Application of broad-range 16S rRNA PCR amplification and DGGE fingerprinting for detection of tick-infecting bacteria

Ticks play an important role in the transmission of arthropod-borne diseases of viral, protozoal and bacterial origin. The present article describes a molecular–biological based method, which facilitated the broad-range analyses of bacterial communities in ixodid ticks ( Ixodes ricinus). DNA was extracted both from single ticks and pooled adult ticks. Eubacterial 16S rRNA gene fragments (16S rDNA) were amplified by polymerase chain reaction (PCR) with broad-range ribosomal primers. Sequences spanning the hypervariable V3 region of the 16S rDNA and representing individual bacterial taxons were separated by denaturing gradient gel electrophoresis (DGGE). For phylogenetic identification, DGGE bands were exised, cloned and sequenced. In addition, we set up a 16S rDNA clone library which was screened by DGGE. Sequences were compared with sequences of known bacteria listed in the GenBank database. A number of bacteria were affiliated with the genera Rickettsia, Bartonella, and Borrelia, which are known to be pathogenic and transmitted by ticks. Two sequences were related to the yet to be cultivated Haemobartonella.

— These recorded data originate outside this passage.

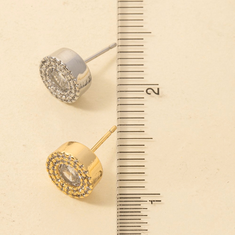 • This pair of stud earrings is made with 60% Cz 40% Brass.
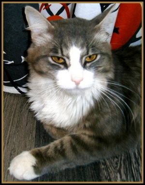 Очень ласковый, приходит под бок и как-то уютно устраивается, мягкий и пушистый, усы шикарнейшие (зимой наверно будет ого-го) и при этом практически не линяет (честное слово, нас тоже это удивляет).
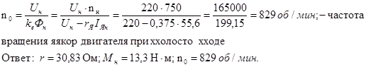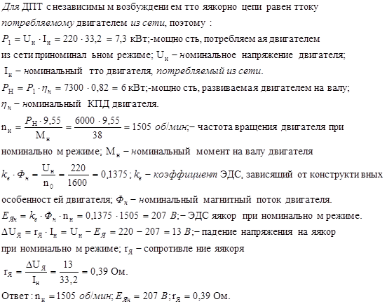 Двигатель постоянного тока с независимым возбуждением имеет номинальный момент Мн=38 Н∙м. Определить сопротивление якоря двигателя, а также ЭДС при номинальной частоте вращения, если n 0 =1600 об/мин. Данные двигателя: U н =220В, I н =33,2 А, ηн =0,82.

To our knowledge, Haemobartonella has never been directly detected in I. ricinus. In addition, members of the genera Staphylococcus, Rhodococcus, Pseudomonas, and Moraxella were detected, which have not been identified in ticks so far. Two bacteria were most closely related to a rickettsial endosymbiont of an Acanthamoeba sp., and to an endosymbiont (Legionellaceae, Coxiella group) of the microarthropod Folsomia candida. The results prove that 16S rDNA genotyping in combination with DGGE analysis is a promising approach for the detection and identification of bacteria infecting ticks, regardless of whether these bacteria are fastidious, obligate intracellular or noncultivable.